El Real Decreto-ley 24/2020, de 26 de junio, de medidas sociales de reactivación del empleo y protección del trabajo autónomo y de competitivad del sector industrial, estableció la posibilidad de iniciar un expediente de regulación temporal de empleo por fuerza mayor desde el 1 de julio y hasta el 30 de septiembre de 2020 en caso de que las empresas y entidades viesen impedido el desarrollo de su actividad por la adopción de nuevas restricciones o medidas de contención que así se impusieran en alguno de sus centros de trabajo, en lo que se conoce como ERTE por fuerza mayor por rebrotes del COVID-19.

De darse el caso, la Disposición Adicional Primera del citado Real Decreto-Ley 24/2020, establece unos porcentajes de exoneraciones de hasta el 80% de la aportación empresarial a la Seguridad Social, tal y como se expone a continuación:

– 80%  de exoneración en el caso de empresas que, a 29 de febrero de 2020 tuvieran menos de 50 personas trabajadoras o asimiladas.

– 60% para empresas que hubieran tenido 50 o más personas trabajadoras o asimiladas en la fecha antes referida.

Podrán acogerse a esta modalidad ERTE tanto las empresas que tengan aprobado un ERTE anterior por fuerza mayor y hubiesen renunciado a él como empresas que, estando en una situación de fuerza mayor parcial, se viesen afectadas por las nuevas medidas de restricción y contención de la actividad, así como aquellas empresas que no hayan pedido aún ningún ERTE por COVID-19.

En cuanto a su TRAMITACIÓN, la empresa que quiera beneficiarse de un ERTE por rebrote tiene que realizar una nueva solicitud:

– Se realizará igual que un ERTE por fuerza mayor por COVID-19.

– No se tendrá que negociar con los representantes de los trabajadores.

– Deberá ser autorizado por la Autoridad Laboral en el plazo de 5 días hábiles desde que se realizó la solicitud del ERTE por la empresa.

– Asimismo, deberá enviarse al SEPE la solicitud colectiva de prestaciones por desempleo en el plazo de 5 días hábiles y comunicarse a la Seguridad Social antes de solicitar las liquidaciones del mes en que se inicia.

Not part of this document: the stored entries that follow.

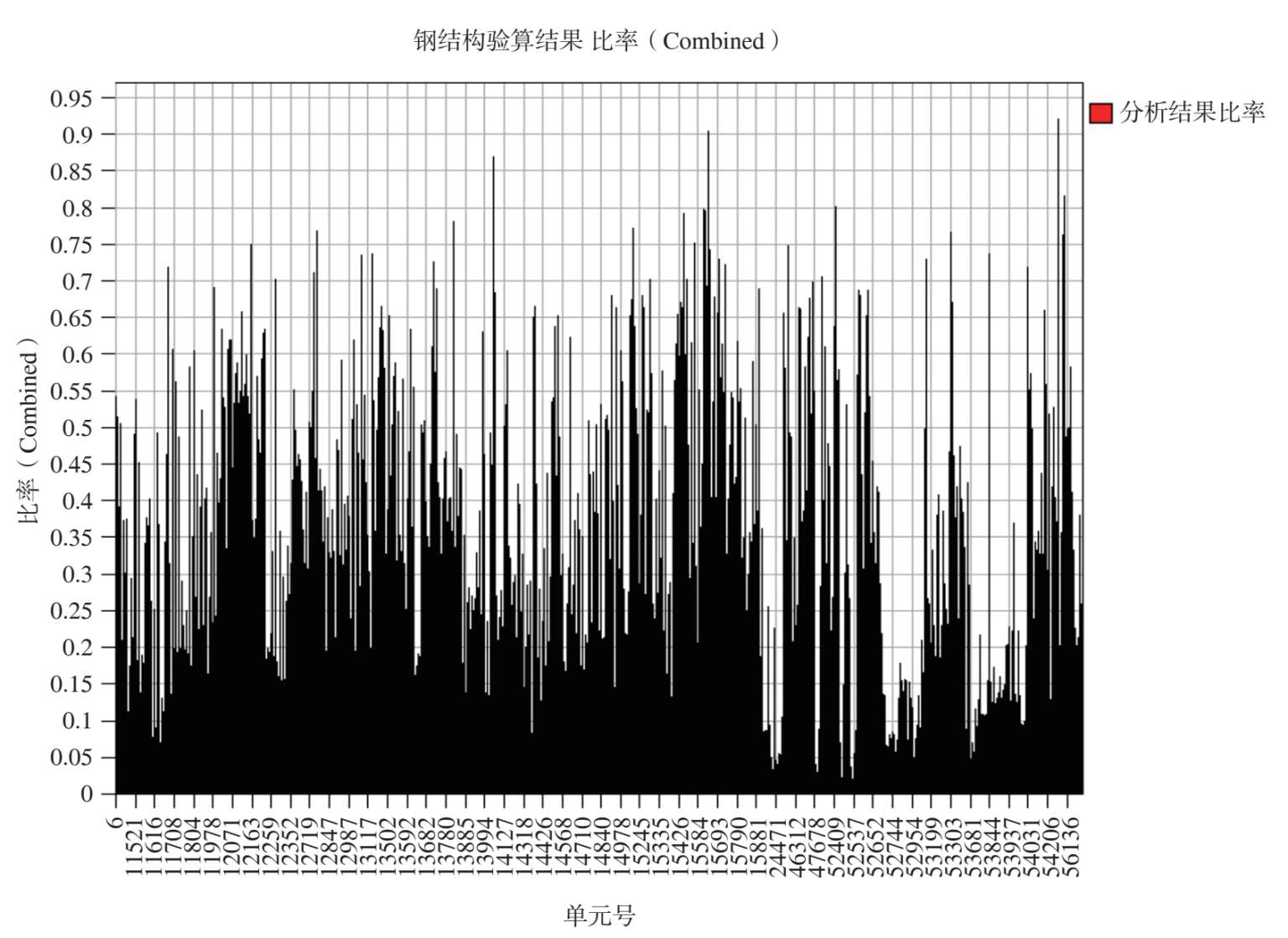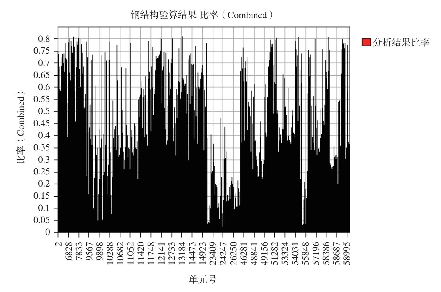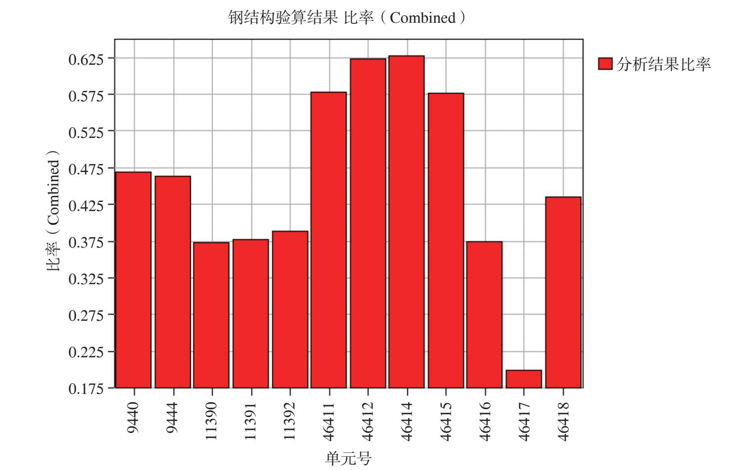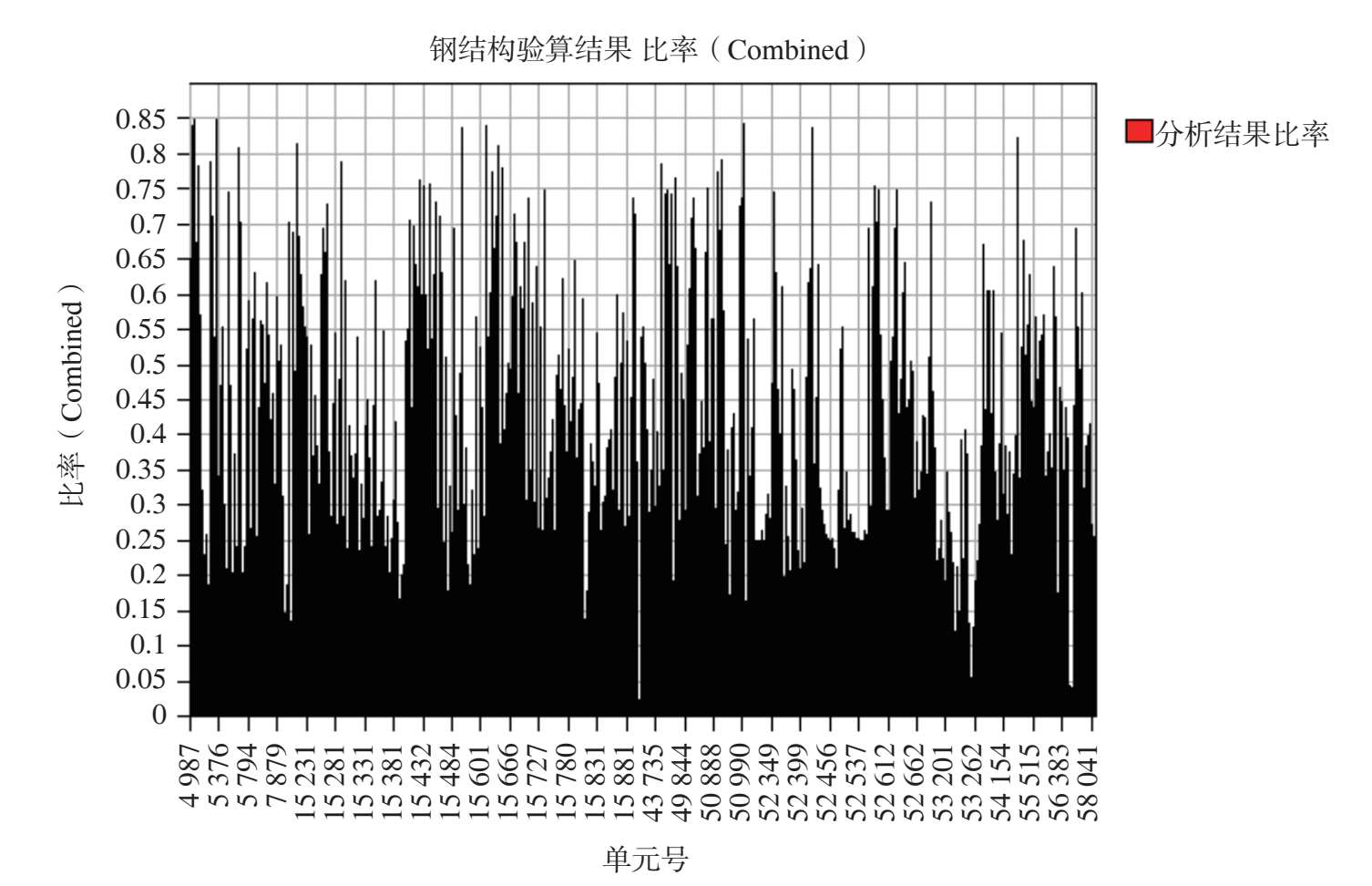 图 2-54 最不利组合工况作用下其余钢构件杆件应力比
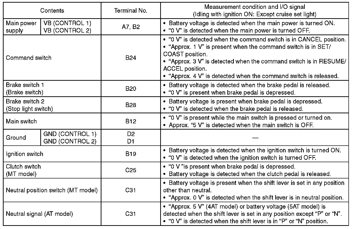 Pinout Values and Diagnostic Parameters
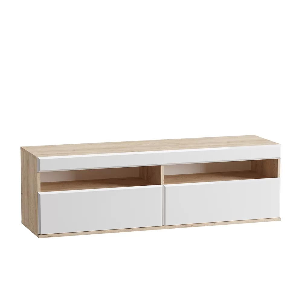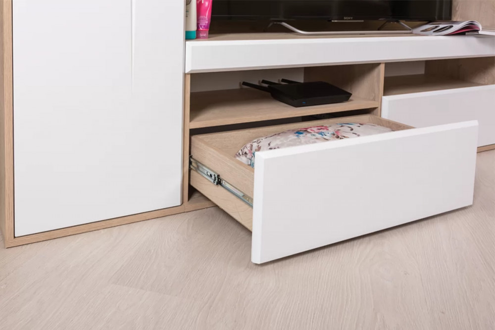 Тумба для бытовой аудио и видеотехники"Альба 3" имеет две две открытые ниши и два вместительных выдвижных ящика.
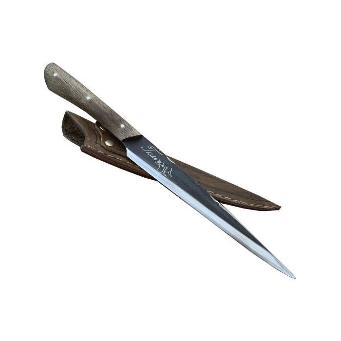 Faca estreita, e com ponta extremamente fina e afiada ideal para perfurações. Desenvolvidas para os amantes do churrasco, cozinha, preparo de carnes frescas, temperos, aves, petiscos, pode ser utilizada também em carnes quentes ao servir. Empunhadura anatômica e confortável feita com madeira de lei selecionada, proporcionado um corte preciso e seguro.

Entre la DOCUMENTACIÓN  a aportar para el pago de las prestaciones, está:

– La identificación de los empleados y sus número de cuenta.

– El periodo de reducción o suspensión del ERTE.

– Declaración responsable de la empresa así como la resolución de la autoridad laboral autorizando el expediente de regulación de empleo por fuerza mayor.

Asimismo, cabe destacar otras particularidades de estos ajustes:

  • Causas de despido.  En una empresa inmersa en ERTE de rebrote, “las causas alegadas no se podrán entender como justificativas de la extinción del contrato de trabajo ni del despido” de sus trabajadores.
  • Temporales. Otra de las particularidades recogidas en los ajustes de empleo regulados en el punto 2 de la disposición adicional primera del real decreto que prorroga los ERTE hasta el 30 de septiembre tiene que ver con los empleados con contrato temporal. En un ERTE de rebrote “la suspensión de los contratos temporales (de los trabajadores afectados), supone la interrupción del cómputo de la duración máxima de los mismos”. Esto significa que, al igual que en el resto de ajustes por Covid, al trabajador temporal le deja de contar a efectos de la duración de su contrato el tiempo que dure el ERTE.
  • Empleo. Finalmente, para las empresas que se beneficien por primera vez de las medidas extraordinarias previstas en materia de cotizaciones, el compromiso de mantenimiento del empleo durante seis meses ­empieza a computar desde el 27 de junio de 2020, cuando entró en vigor el real decreto que regula esta modalidad de ERTE.